**Information shown:**
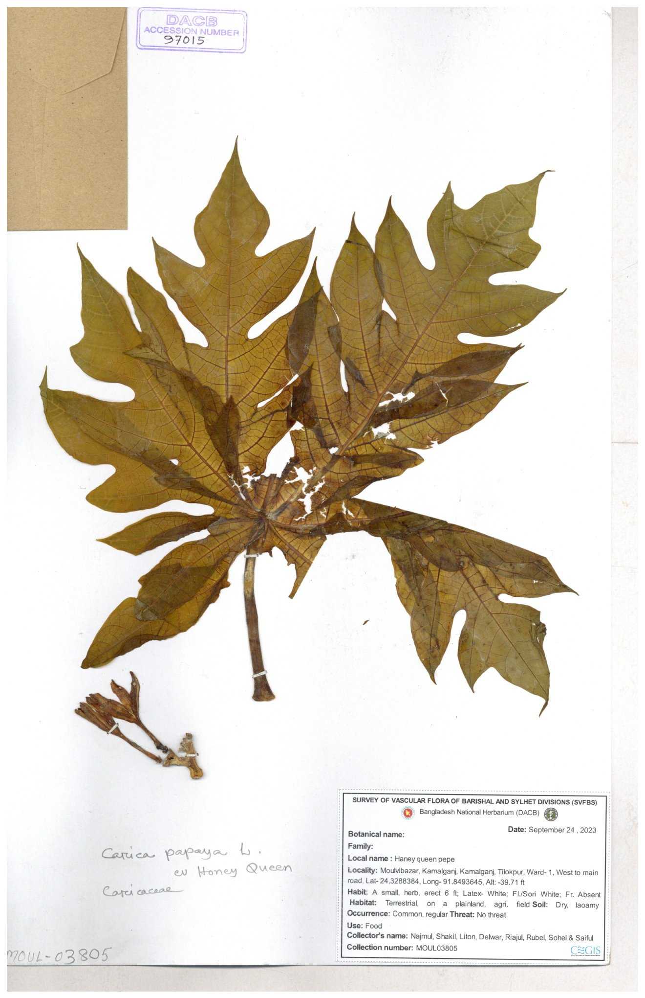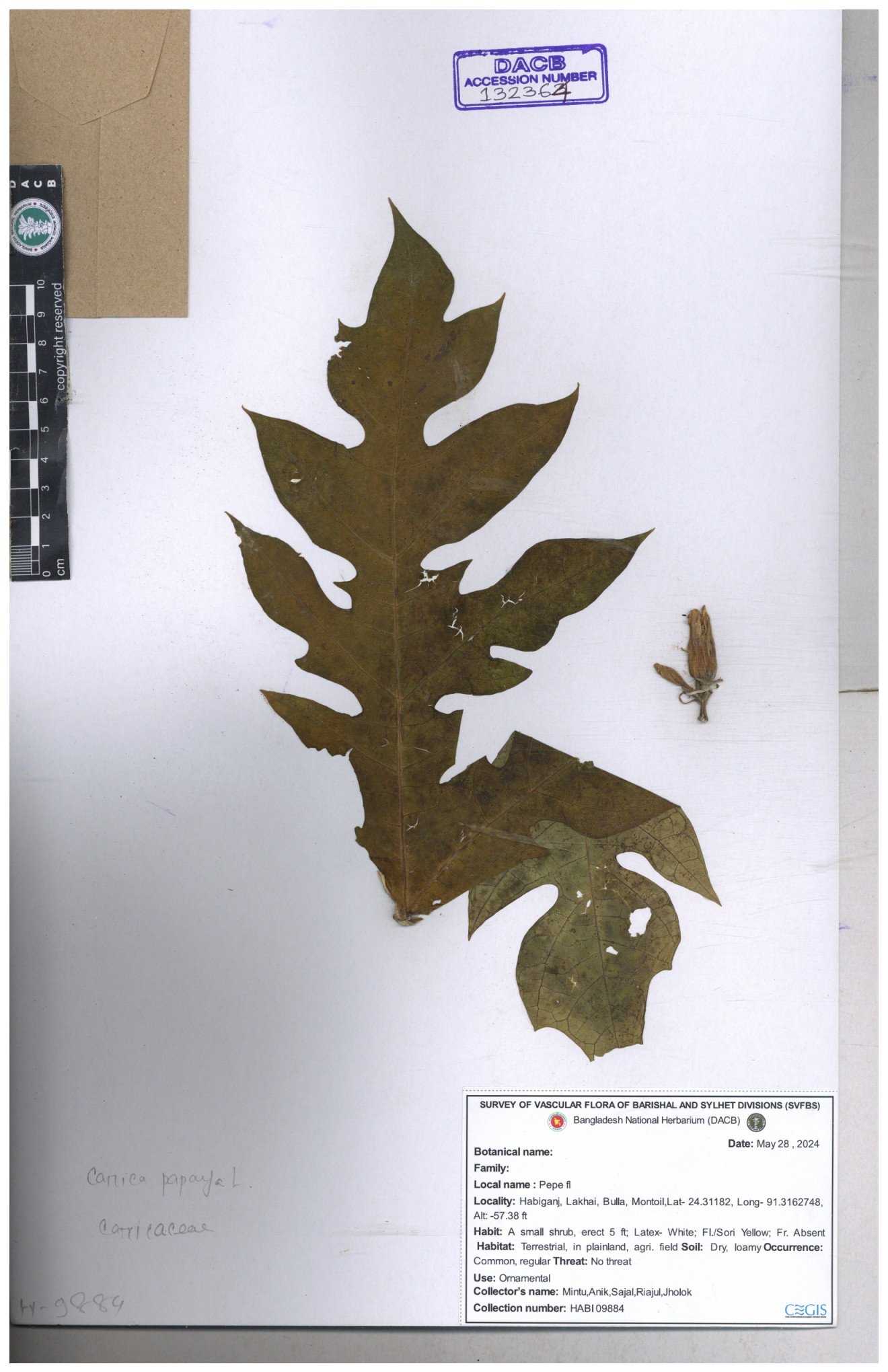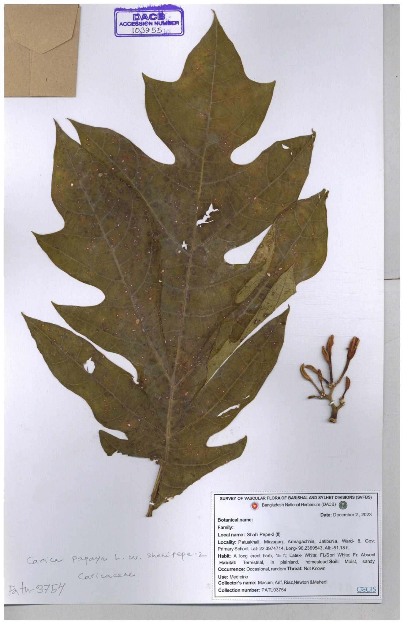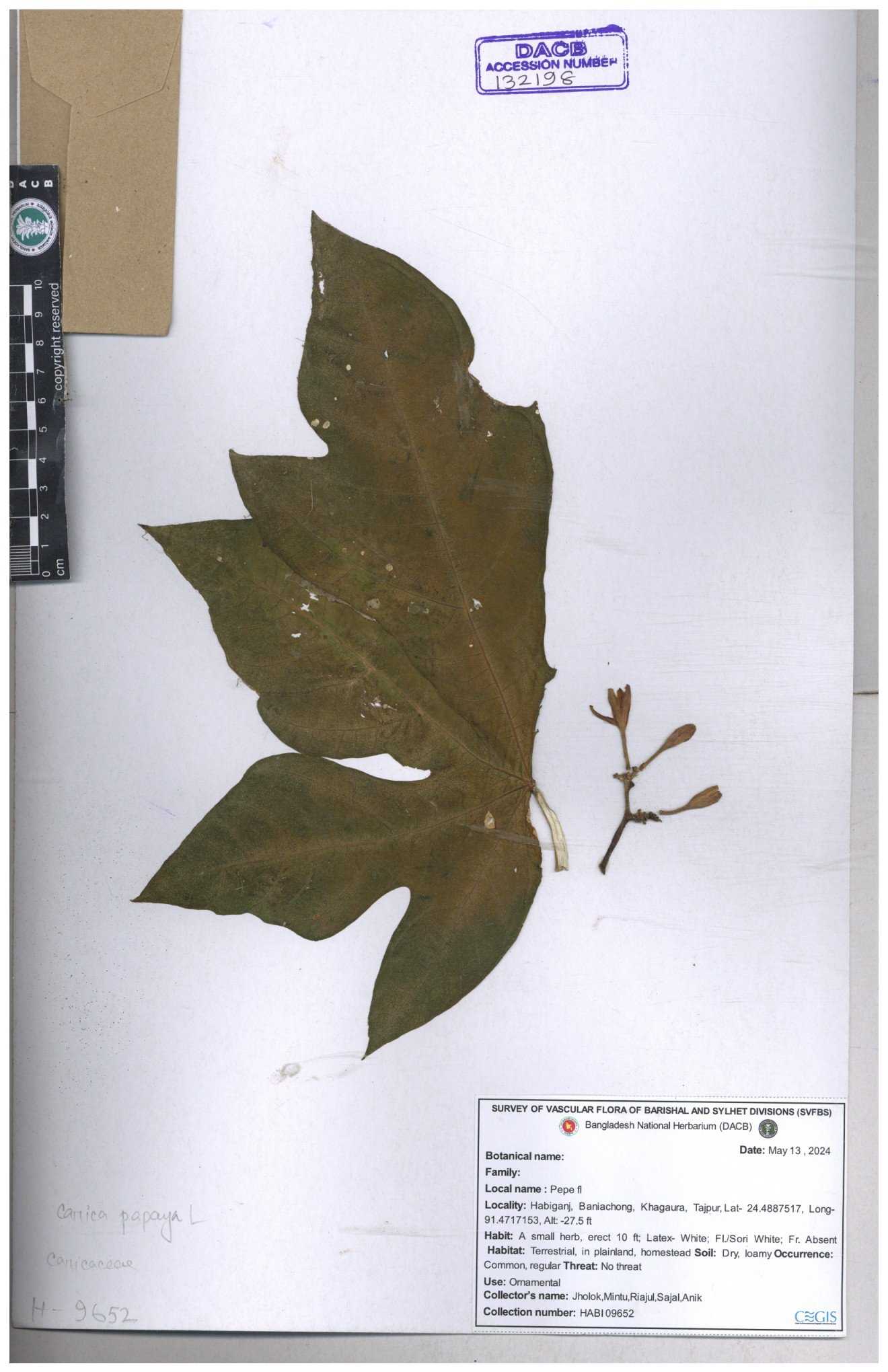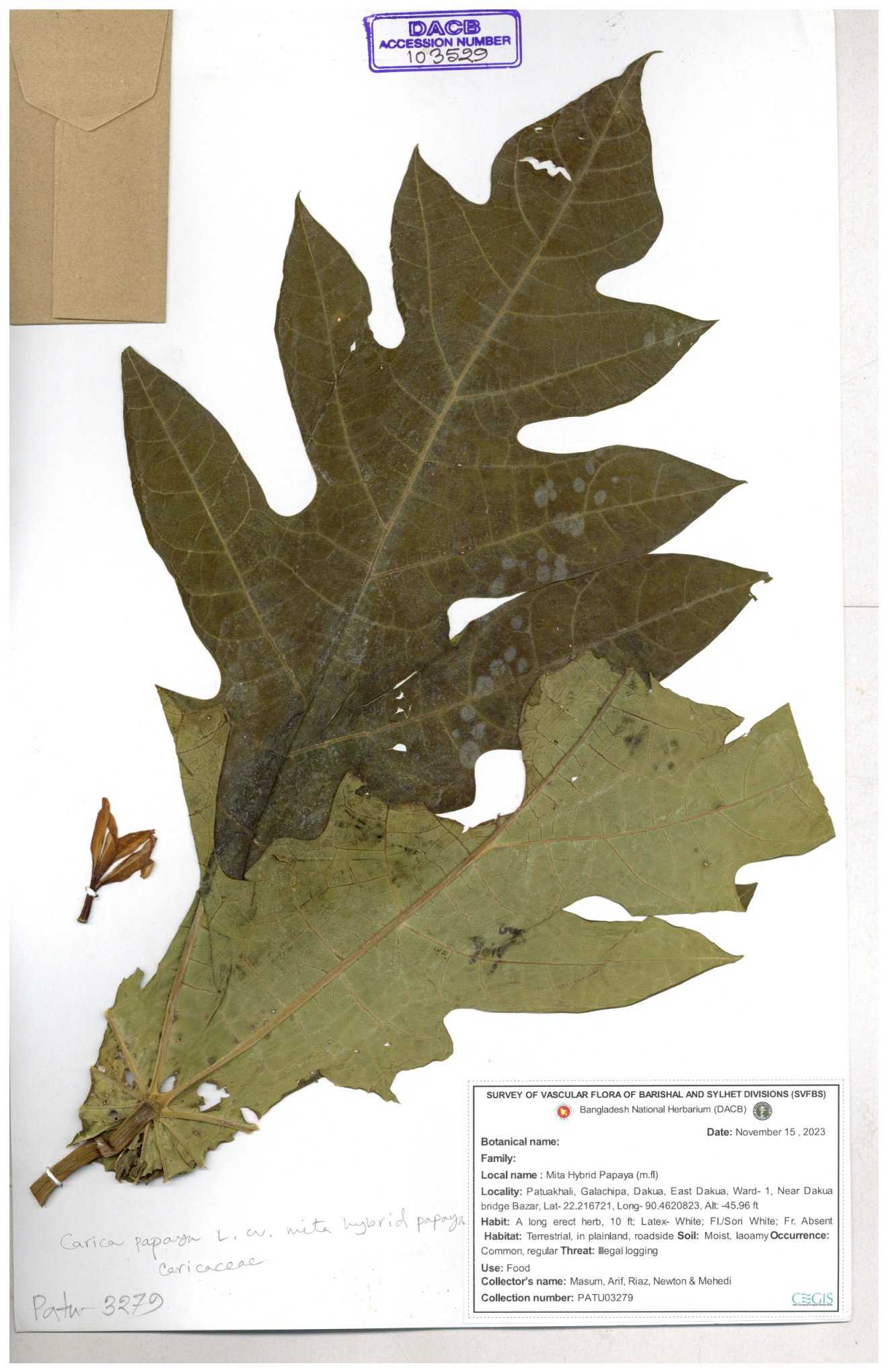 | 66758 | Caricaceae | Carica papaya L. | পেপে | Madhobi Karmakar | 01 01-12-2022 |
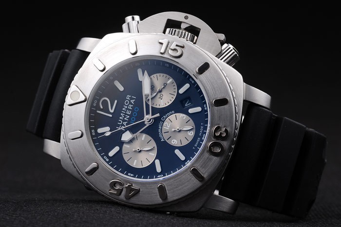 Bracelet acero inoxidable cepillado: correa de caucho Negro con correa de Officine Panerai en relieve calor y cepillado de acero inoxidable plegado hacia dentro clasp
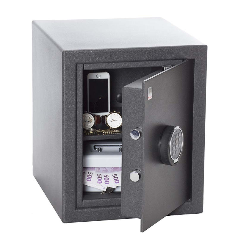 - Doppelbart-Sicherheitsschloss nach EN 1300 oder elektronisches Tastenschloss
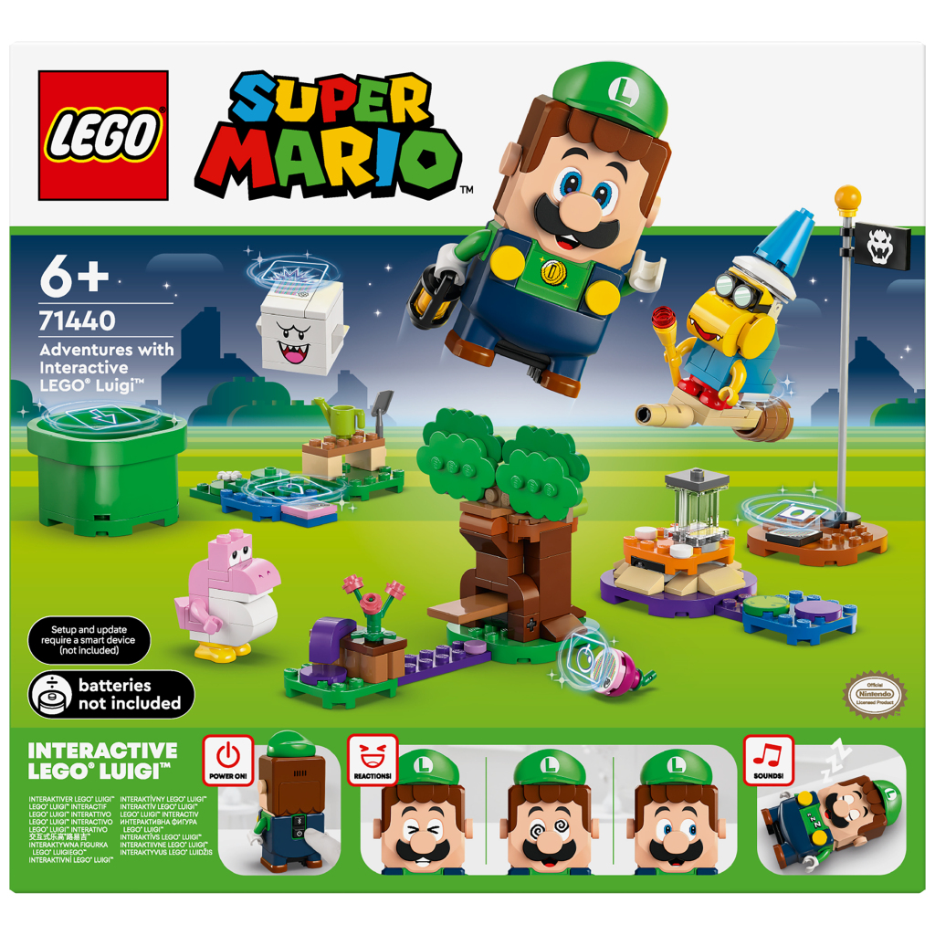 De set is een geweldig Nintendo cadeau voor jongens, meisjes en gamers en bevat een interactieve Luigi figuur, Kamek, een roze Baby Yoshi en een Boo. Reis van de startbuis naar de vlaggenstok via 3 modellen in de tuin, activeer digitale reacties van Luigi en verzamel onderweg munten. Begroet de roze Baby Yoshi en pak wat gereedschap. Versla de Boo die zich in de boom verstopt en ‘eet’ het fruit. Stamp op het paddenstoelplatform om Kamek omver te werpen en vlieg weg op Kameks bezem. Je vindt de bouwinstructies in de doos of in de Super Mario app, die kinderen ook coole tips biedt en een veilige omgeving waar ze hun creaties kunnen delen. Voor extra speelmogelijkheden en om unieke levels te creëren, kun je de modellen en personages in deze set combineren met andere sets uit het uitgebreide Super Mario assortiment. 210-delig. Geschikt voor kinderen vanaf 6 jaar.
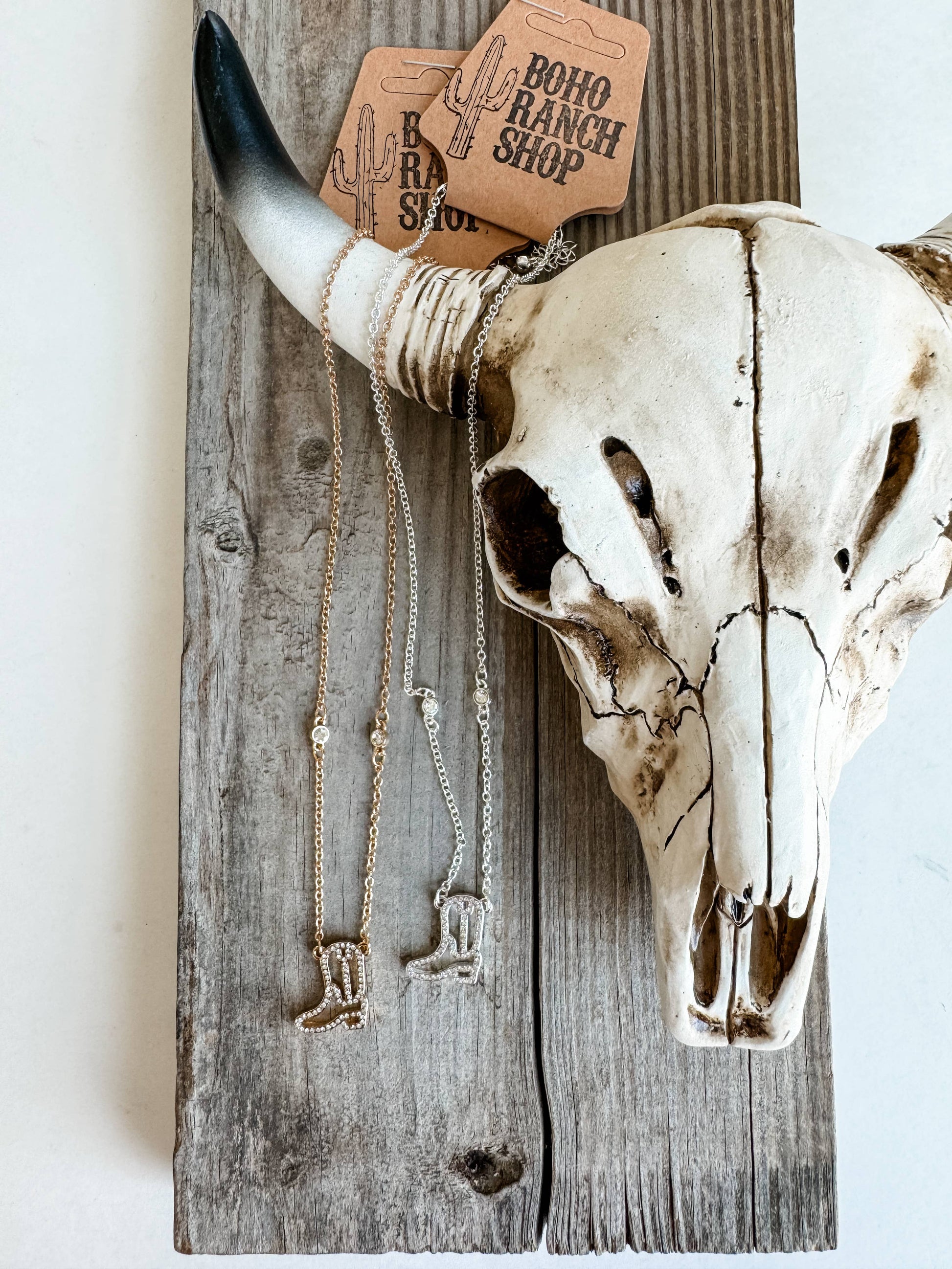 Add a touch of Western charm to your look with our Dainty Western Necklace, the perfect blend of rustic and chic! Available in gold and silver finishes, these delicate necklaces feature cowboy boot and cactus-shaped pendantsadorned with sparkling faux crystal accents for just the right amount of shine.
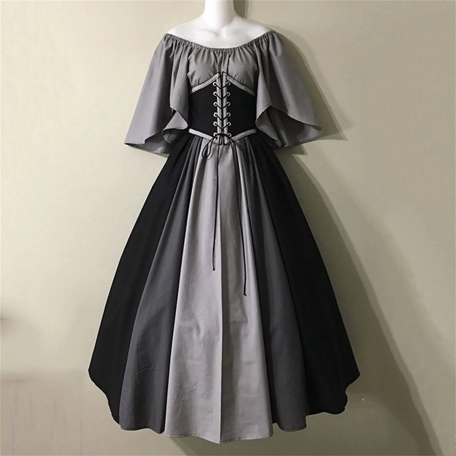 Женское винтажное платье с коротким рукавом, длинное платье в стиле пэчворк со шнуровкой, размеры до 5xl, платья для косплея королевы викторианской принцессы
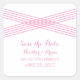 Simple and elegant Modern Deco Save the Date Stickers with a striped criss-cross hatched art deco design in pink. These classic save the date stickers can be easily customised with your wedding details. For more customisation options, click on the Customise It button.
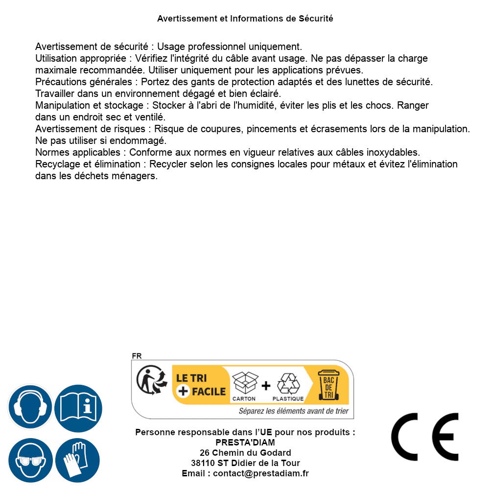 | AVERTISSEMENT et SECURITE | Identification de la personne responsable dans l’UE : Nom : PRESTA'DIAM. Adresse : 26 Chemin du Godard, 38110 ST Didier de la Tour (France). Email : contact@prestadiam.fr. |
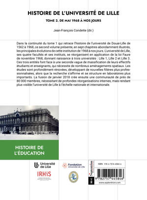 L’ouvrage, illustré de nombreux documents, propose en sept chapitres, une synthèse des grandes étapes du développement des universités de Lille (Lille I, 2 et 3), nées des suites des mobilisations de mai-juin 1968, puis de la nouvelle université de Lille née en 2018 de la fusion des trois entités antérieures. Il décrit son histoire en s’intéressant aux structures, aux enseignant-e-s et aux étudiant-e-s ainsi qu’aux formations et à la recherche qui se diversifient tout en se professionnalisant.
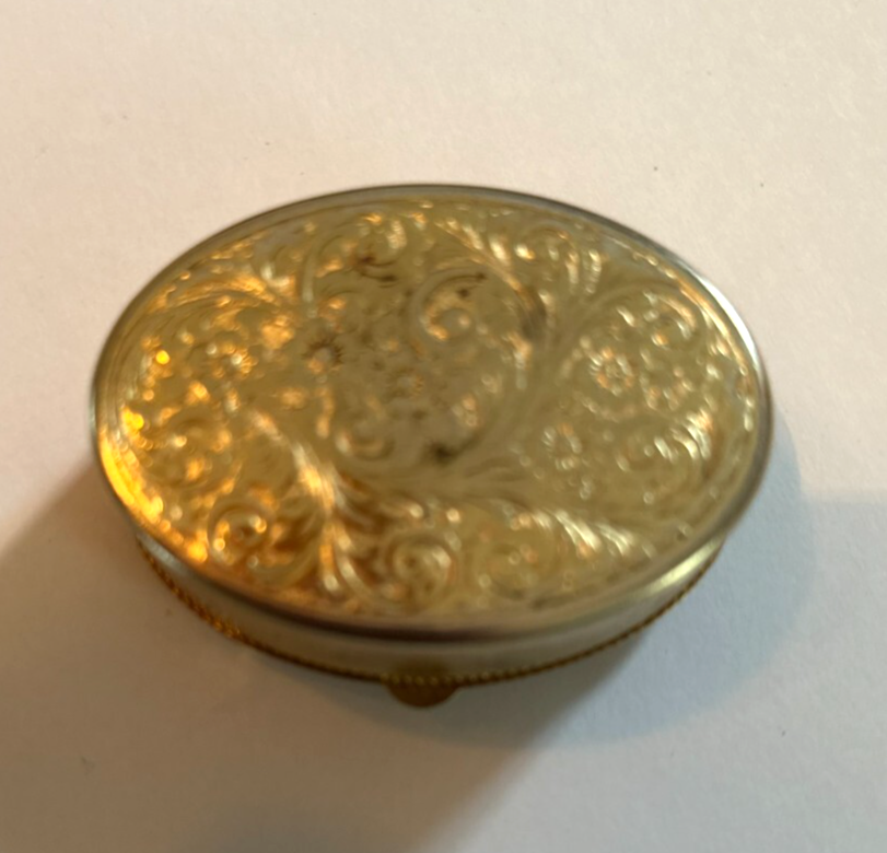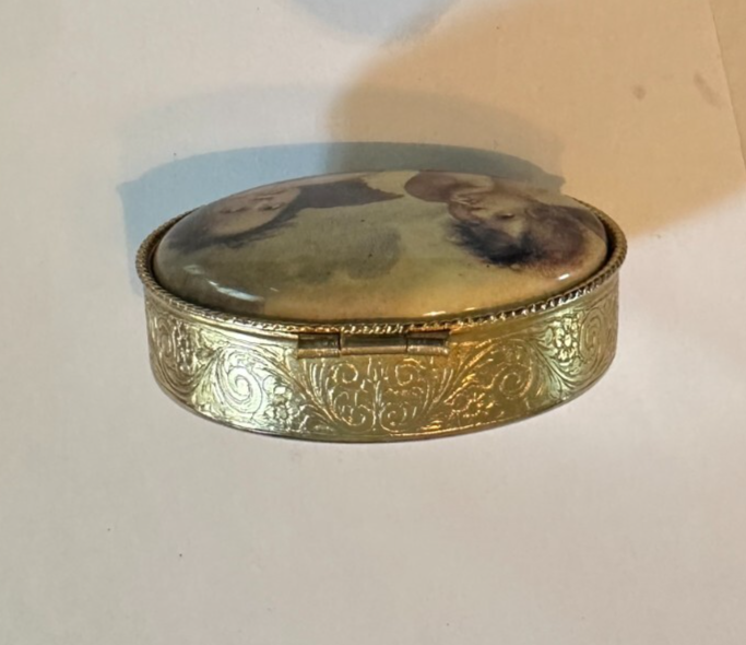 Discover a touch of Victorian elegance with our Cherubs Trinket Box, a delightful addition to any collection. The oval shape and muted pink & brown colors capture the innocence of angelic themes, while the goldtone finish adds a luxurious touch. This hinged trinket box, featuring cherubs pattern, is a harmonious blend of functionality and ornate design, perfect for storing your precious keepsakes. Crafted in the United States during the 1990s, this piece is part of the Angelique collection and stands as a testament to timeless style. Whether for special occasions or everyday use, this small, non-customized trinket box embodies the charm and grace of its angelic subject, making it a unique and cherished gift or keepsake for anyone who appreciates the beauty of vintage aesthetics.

**About this task:** From the records above, copy exactly the stretch from the line holding "Женское винтажное платье" through the line holding "Simple and elegant", both ends included, without the pictures.

**Solution for this exercise:**
 Женское винтажное платье с коротким рукавом, длинное платье в стиле пэчворк со шнуровкой, размеры до 5xl, платья для косплея королевы викторианской принцессы
 Simple and elegant Modern Deco Save the Date Stickers with a striped criss-cross hatched art deco design in pink. These classic save the date stickers can be easily customised with your wedding details. For more customisation options, click on the Customise It button.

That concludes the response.